— Dataset records —

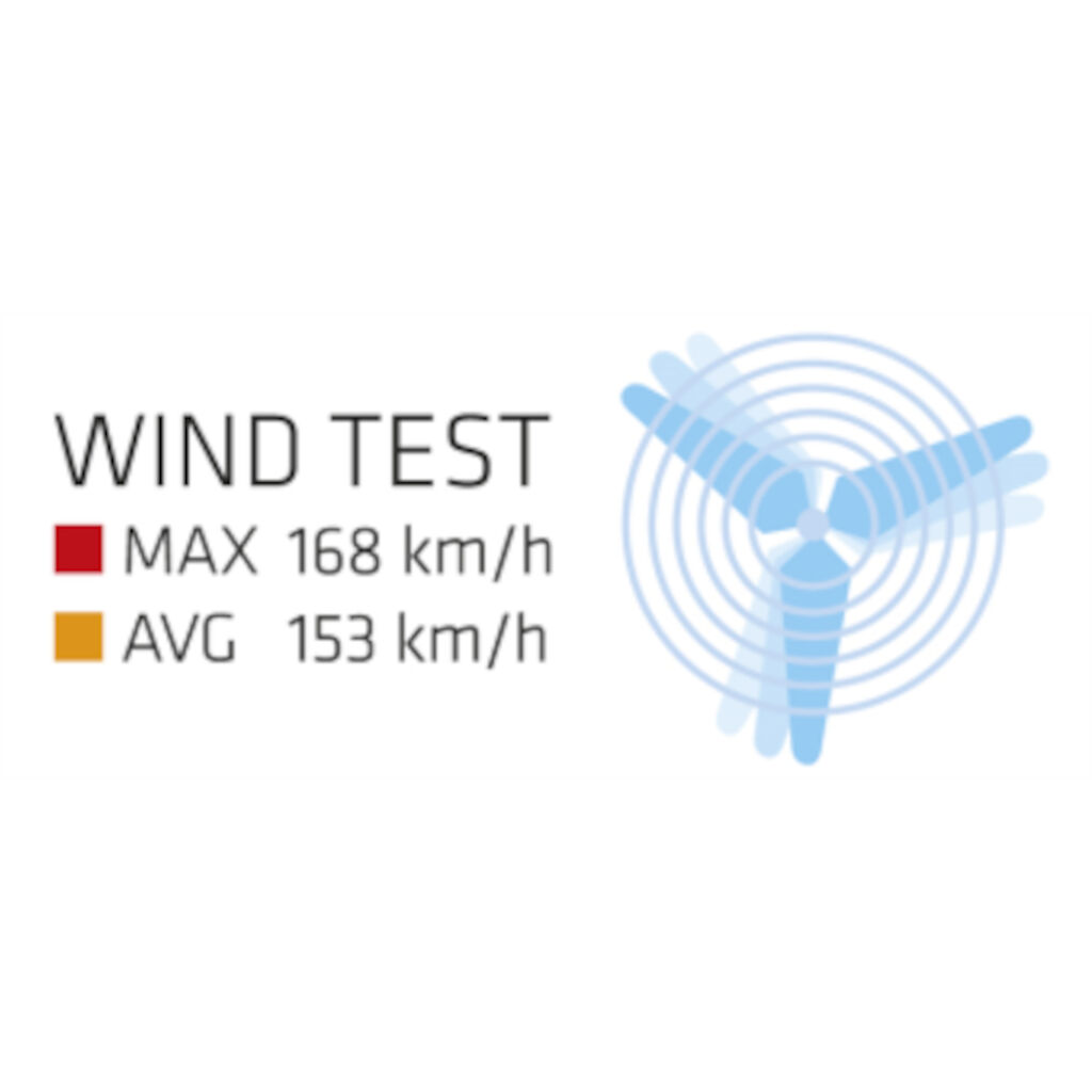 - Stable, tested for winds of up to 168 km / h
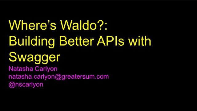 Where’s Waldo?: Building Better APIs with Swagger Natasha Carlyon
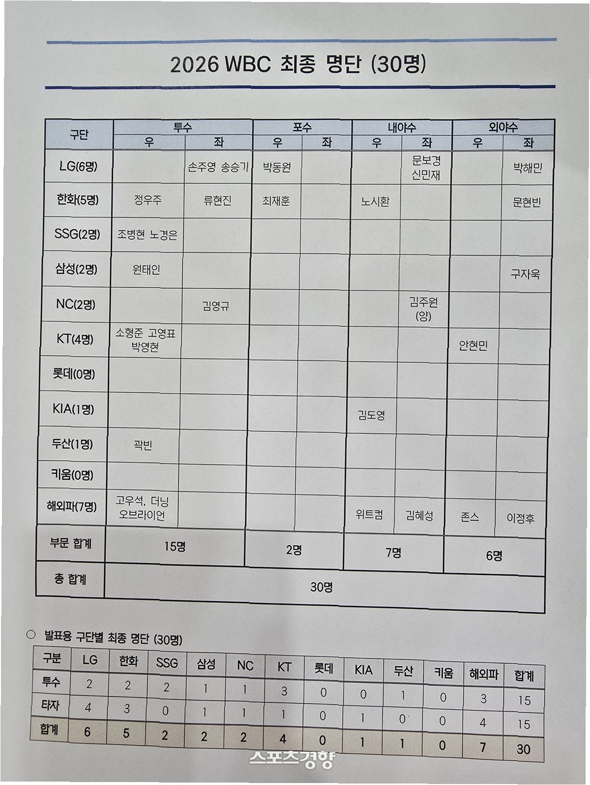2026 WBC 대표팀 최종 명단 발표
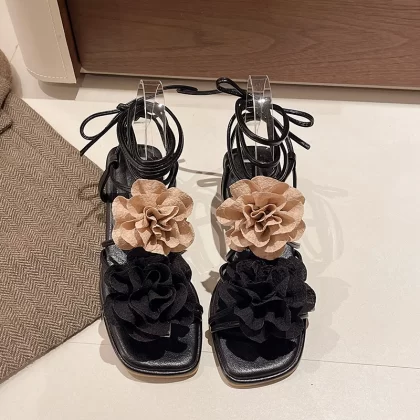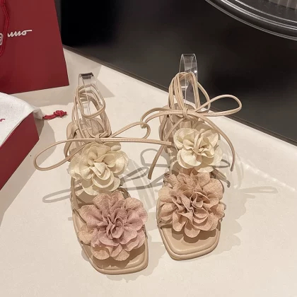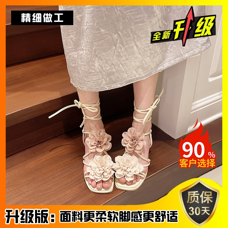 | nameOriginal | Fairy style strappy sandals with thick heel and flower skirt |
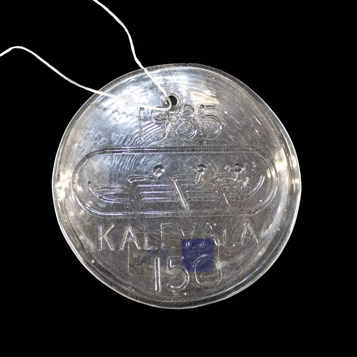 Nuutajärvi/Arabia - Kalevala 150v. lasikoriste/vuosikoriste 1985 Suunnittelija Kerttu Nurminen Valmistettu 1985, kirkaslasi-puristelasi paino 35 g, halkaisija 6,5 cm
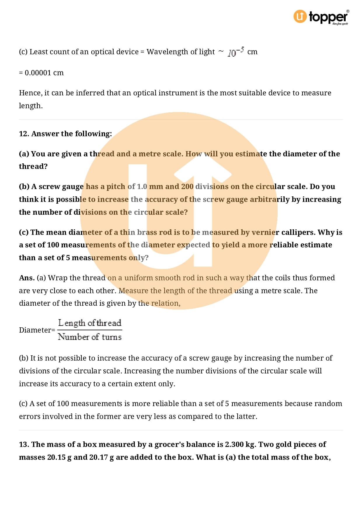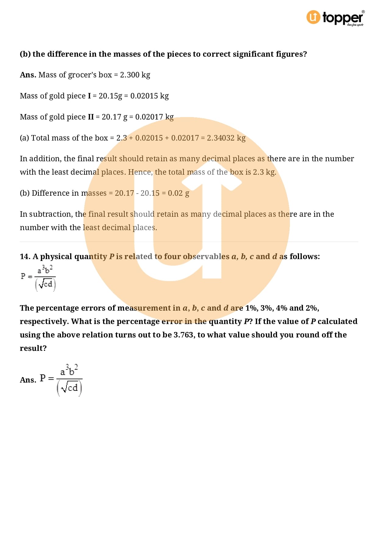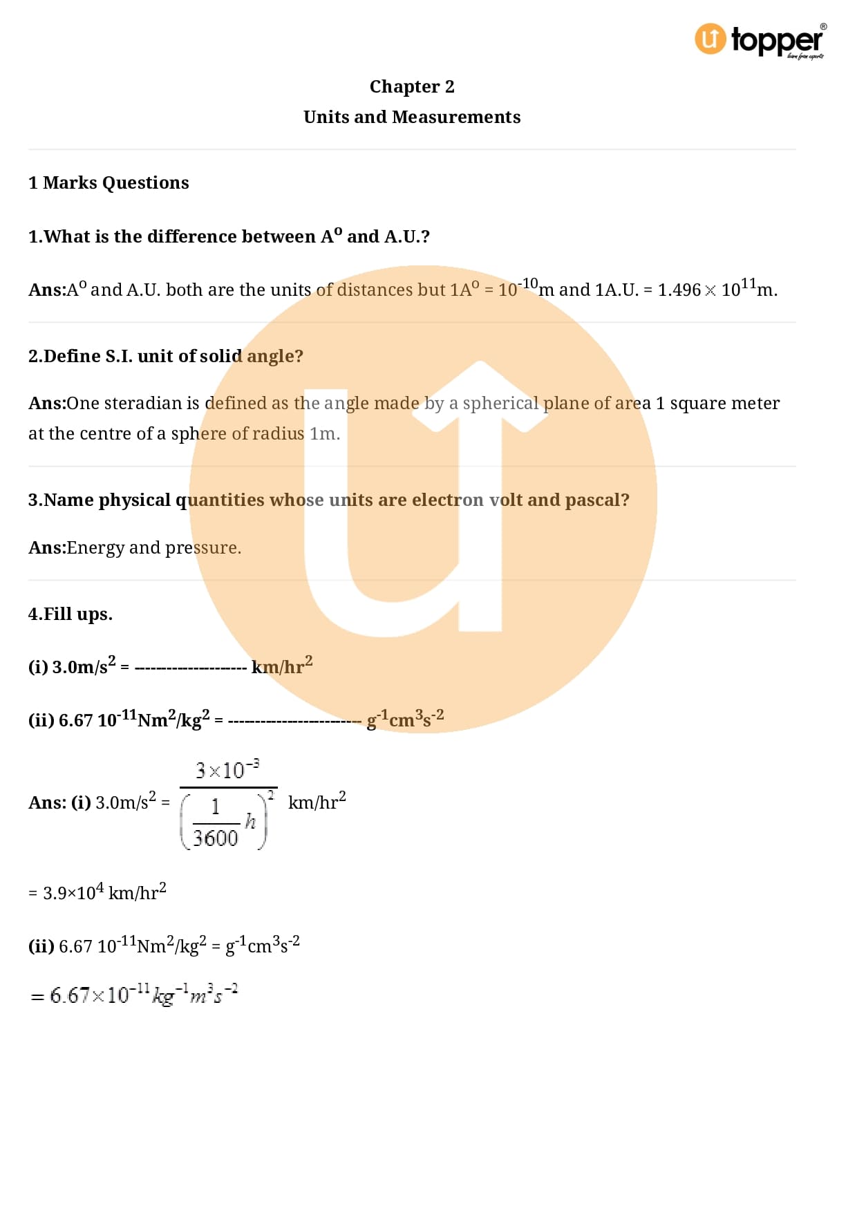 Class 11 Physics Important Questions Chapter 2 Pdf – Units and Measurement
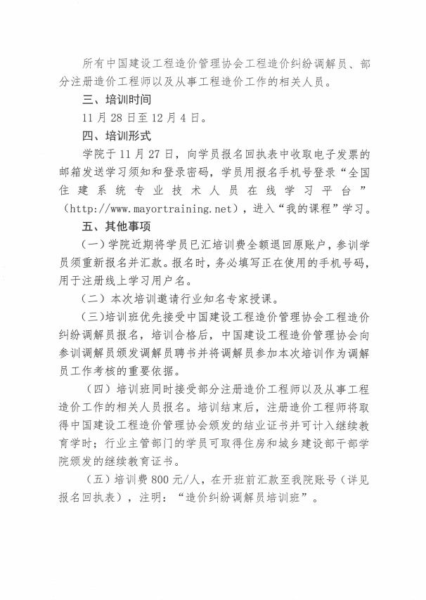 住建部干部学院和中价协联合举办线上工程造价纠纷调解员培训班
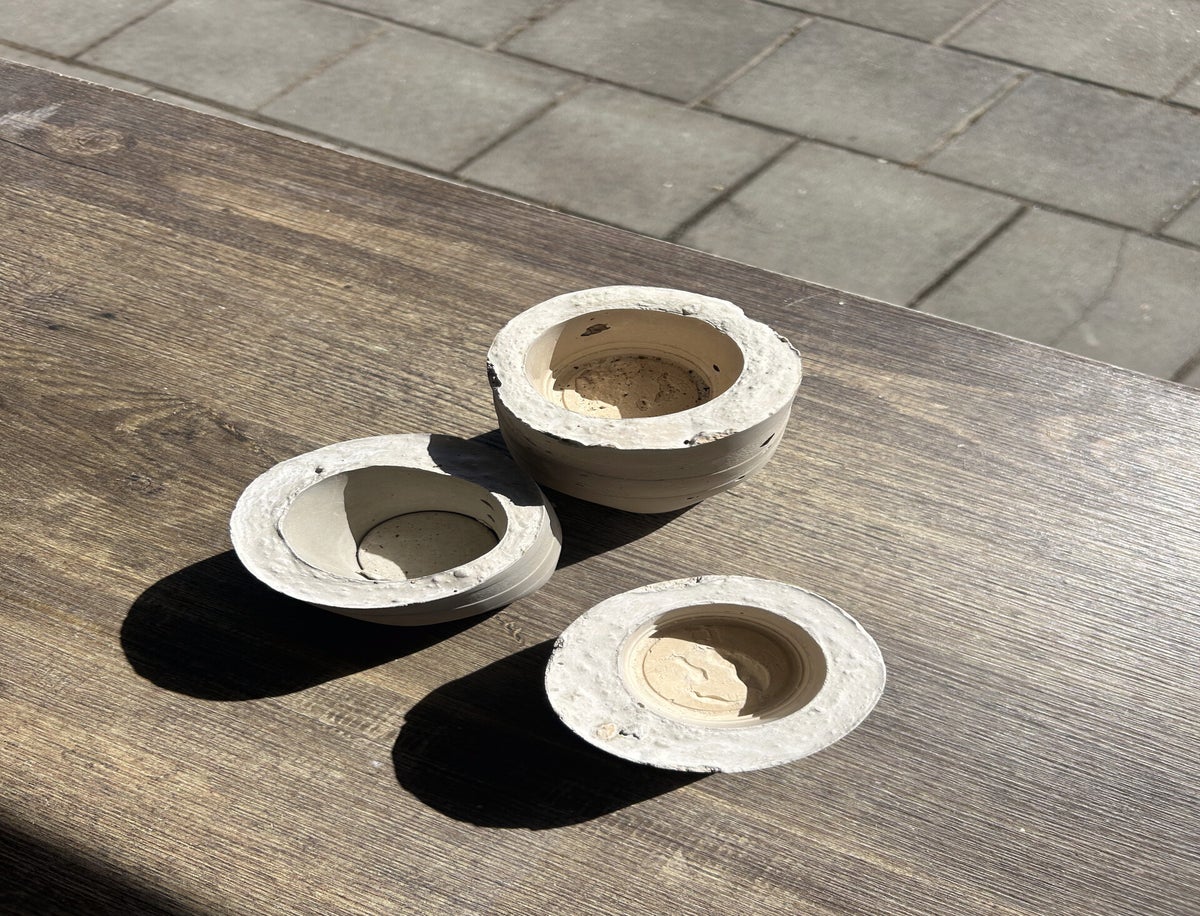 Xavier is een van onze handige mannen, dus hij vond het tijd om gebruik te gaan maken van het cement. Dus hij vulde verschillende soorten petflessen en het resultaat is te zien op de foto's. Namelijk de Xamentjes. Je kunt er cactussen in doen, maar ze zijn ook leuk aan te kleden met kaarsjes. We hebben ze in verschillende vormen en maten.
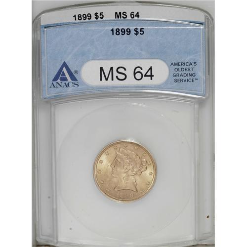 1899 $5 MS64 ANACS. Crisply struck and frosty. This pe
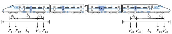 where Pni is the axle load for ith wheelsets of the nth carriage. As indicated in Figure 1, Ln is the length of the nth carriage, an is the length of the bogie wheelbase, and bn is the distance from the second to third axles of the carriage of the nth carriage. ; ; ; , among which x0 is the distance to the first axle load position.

— Work instruction —
Please give the data again in full, exactly as written, but without any images.

— Result of this task —
 - Stable, tested for winds of up to 168 km / h
 Where’s Waldo?: Building Better APIs with Swagger Natasha Carlyon
2026 WBC 대표팀 최종 명단 발표
 | nameOriginal | Fairy style strappy sandals with thick heel and flower skirt |
 Nuutajärvi/Arabia - Kalevala 150v. lasikoriste/vuosikoriste 1985 Suunnittelija Kerttu Nurminen Valmistettu 1985, kirkaslasi-puristelasi paino 35 g, halkaisija 6,5 cm
 Class 11 Physics Important Questions Chapter 2 Pdf – Units and Measurement
 住建部干部学院和中价协联合举办线上工程造价纠纷调解员培训班
 Xavier is een van onze handige mannen, dus hij vond het tijd om gebruik te gaan maken van het cement. Dus hij vulde verschillende soorten petflessen en het resultaat is te zien op de foto's. Namelijk de Xamentjes. Je kunt er cactussen in doen, maar ze zijn ook leuk aan te kleden met kaarsjes. We hebben ze in verschillende vormen en maten.
 1899 $5 MS64 ANACS. Crisply struck and frosty. This pe
 where Pni is the axle load for ith wheelsets of the nth carriage. As indicated in Figure 1, Ln is the length of the nth carriage, an is the length of the bogie wheelbase, and bn is the distance from the second to third axles of the carriage of the nth carriage. ; ; ; , among which x0 is the distance to the first axle load position.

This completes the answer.